→ **Exercise objective**: Transcribe the listing below exactly, from its first line through the line with "Tricot intérieur gratté". Omit the pictures.
-- Records follows --
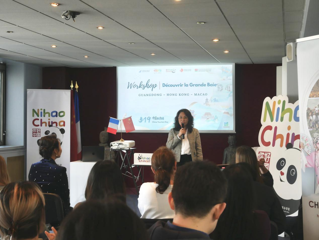 张郝淼在致辞中表示,当天恰逢中国旅游日,粤港澳大湾区不仅是中国对外开放的重要窗口,更是中国最具发展活力和国际吸引力的区域之一,因此在这一特殊时点举办推介活动,意义深远。她鼓励旅行商在即将开展的考察行程中多观察、多交流、多体验,回国后将所见所感分享给客户与同事,推动更多优质的中国旅游产品在法国市场落地生根。
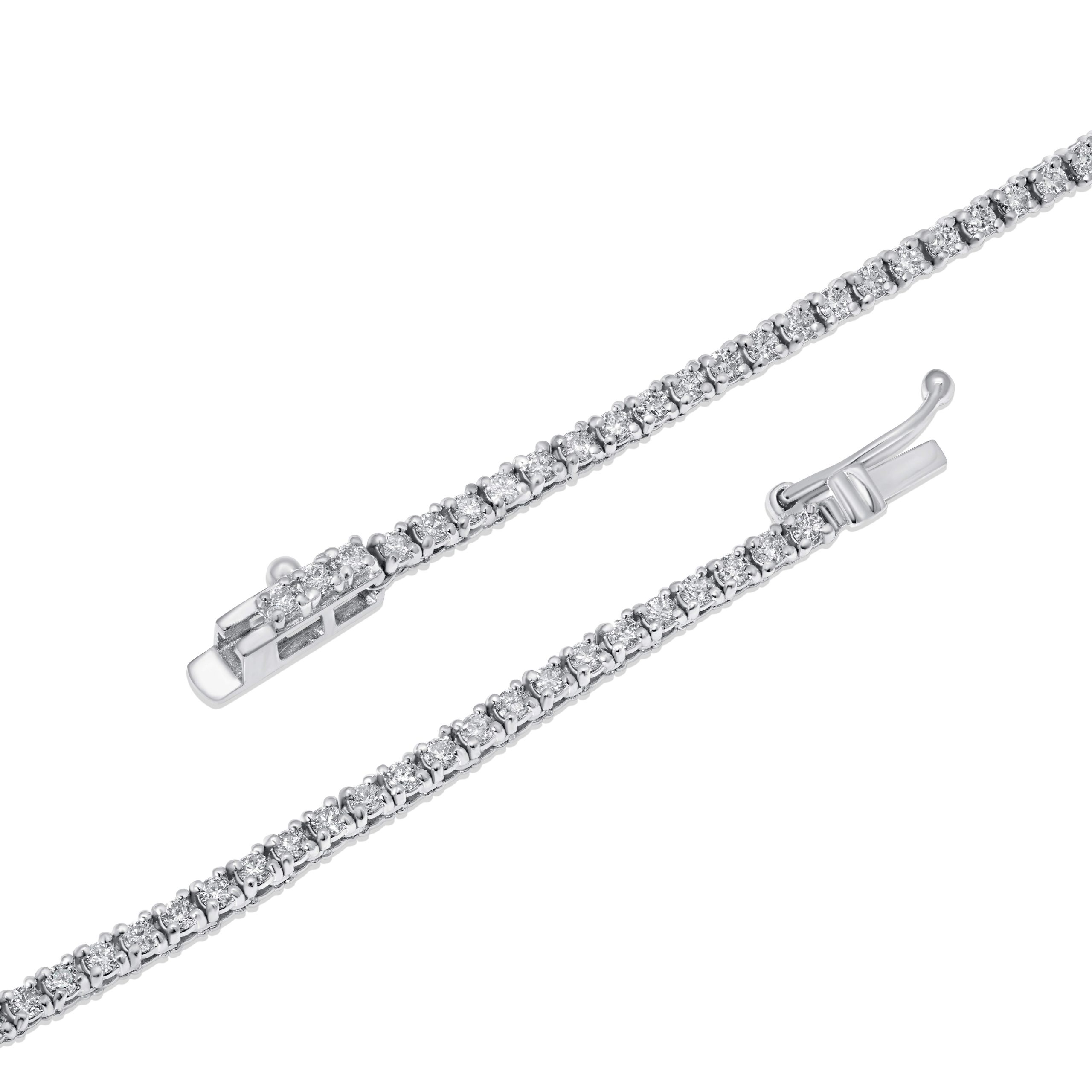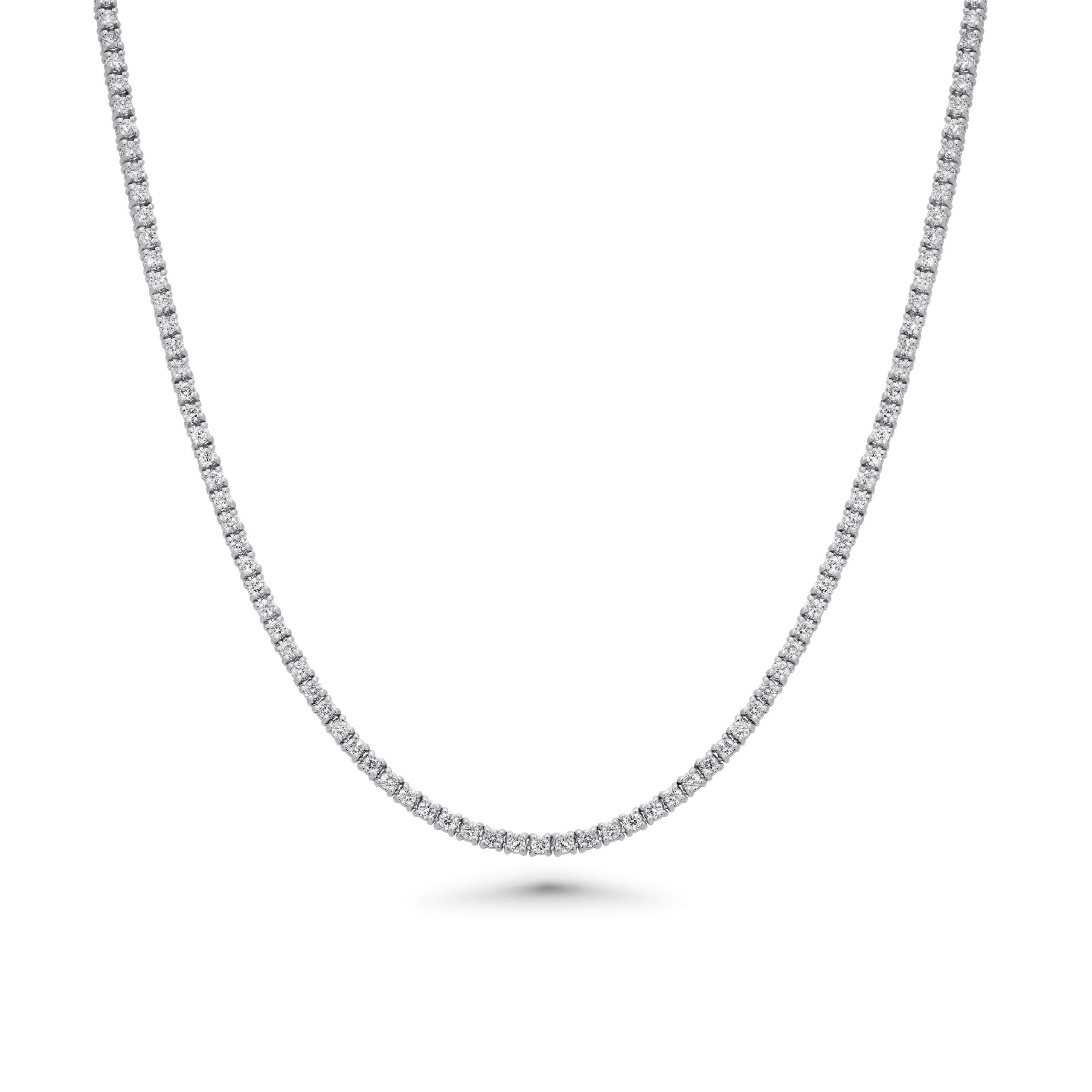 Revitalize your jewelry collection with our 14 karat white gold diamond tennis necklace, boasting a breathtaking 2.83cts. of round brilliant cut diamonds. Crafted to replace your existing pendant chain, this necklace seamlessly combines classic beauty with contemporary style. The continuous sparkle of meticulously set diamonds adds a touch of timeless elegance to your neckline. Elevate your everyday look or enhance a special occasion ensemble with the radiant allure of this stunning tennis necklace. Make a statement and redefine your personal style by upgrading to this exquisite piece that effortlessly captures the essence of modern luxury and sophistication.
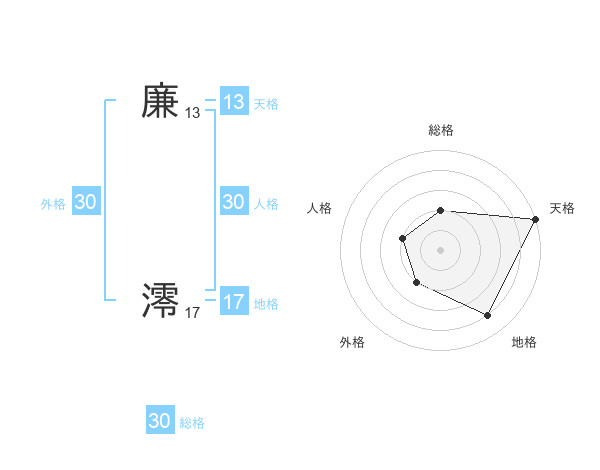 廉 澪さんの天格は13画の5点!
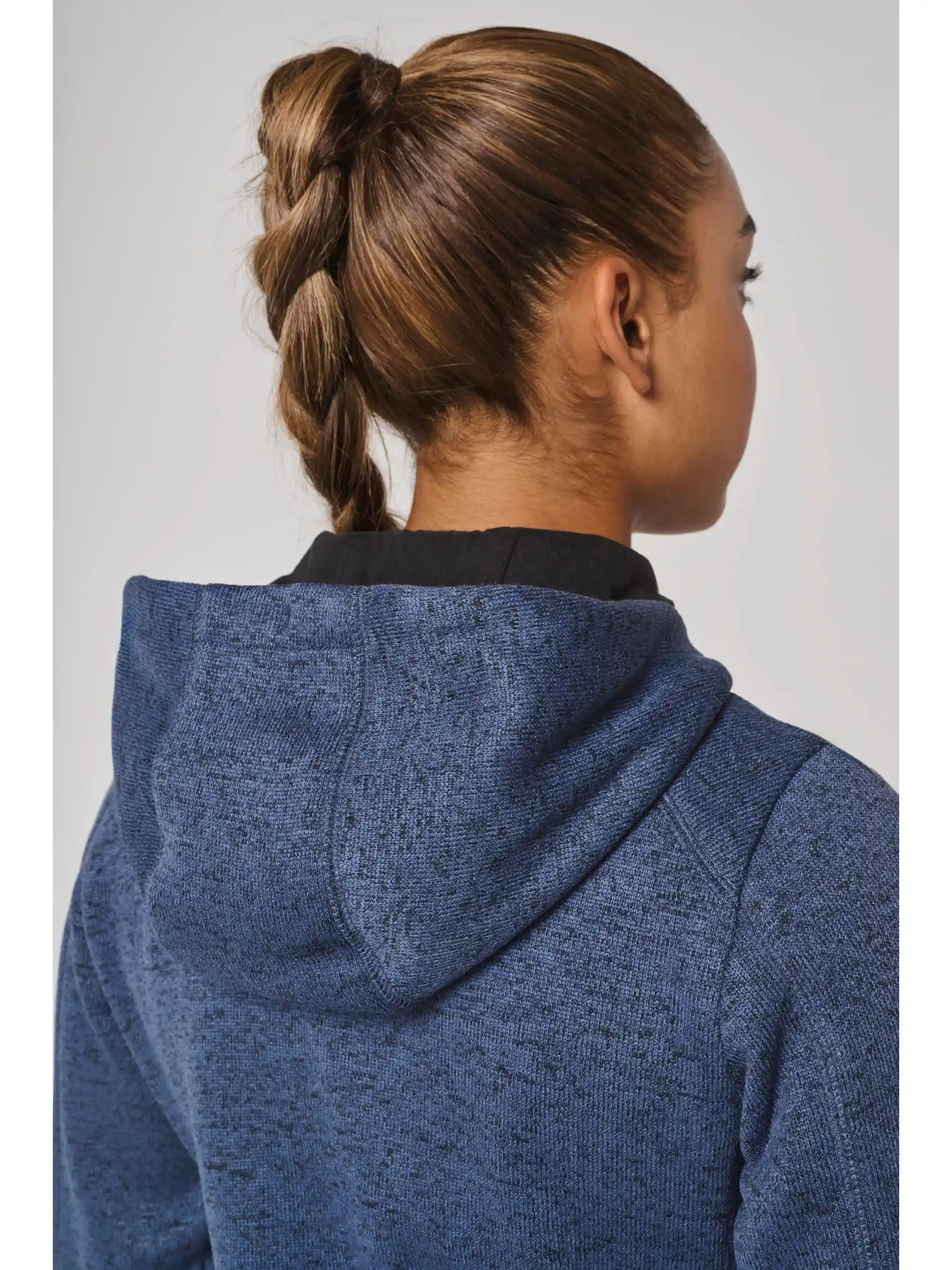 Tricot intérieur gratté 100% polyester. 2 poches devant zippées contrastées et 1 poche poitrine zippée contrastée. Capuche doublure contrastée jersey 100% coton avec cordon de serrage plat contrasté. Bas de manches et de vêtement avec finition biais contrasté élastiqué. Point de recouvrement sur les découpes.
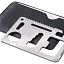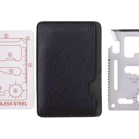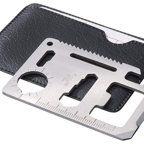 Многофункциональная карта. 11 функций в одной карте - нож, консервный нож, отвертка, линейка, открывалка, 2-х и 4-х позиционный гаечный ключ, разводной гаечный ключ, режущий диск, брелок, указатель направления. Чехол из кожзаменителя. Тиснение (Фольга) на данный товар осуществляется бесплатно. Оплачивается только настройка оборудования в размере 8700 рублей на весь тираж.
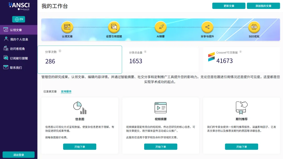 一个结合AI与专家支持的一站式科研影响力管理平台
-- Records concluded --
→ **Solution for this problem**:
 张郝淼在致辞中表示,当天恰逢中国旅游日,粤港澳大湾区不仅是中国对外开放的重要窗口,更是中国最具发展活力和国际吸引力的区域之一,因此在这一特殊时点举办推介活动,意义深远。她鼓励旅行商在即将开展的考察行程中多观察、多交流、多体验,回国后将所见所感分享给客户与同事,推动更多优质的中国旅游产品在法国市场落地生根。
 Revitalize your jewelry collection with our 14 karat white gold diamond tennis necklace, boasting a breathtaking 2.83cts. of round brilliant cut diamonds. Crafted to replace your existing pendant chain, this necklace seamlessly combines classic beauty with contemporary style. The continuous sparkle of meticulously set diamonds adds a touch of timeless elegance to your neckline. Elevate your everyday look or enhance a special occasion ensemble with the radiant allure of this stunning tennis necklace. Make a statement and redefine your personal style by upgrading to this exquisite piece that effortlessly captures the essence of modern luxury and sophistication.
 廉 澪さんの天格は13画の5点!
 Tricot intérieur gratté 100% polyester. 2 poches devant zippées contrastées et 1 poche poitrine zippée contrastée. Capuche doublure contrastée jersey 100% coton avec cordon de serrage plat contrasté. Bas de manches et de vêtement avec finition biais contrasté élastiqué. Point de recouvrement sur les découpes.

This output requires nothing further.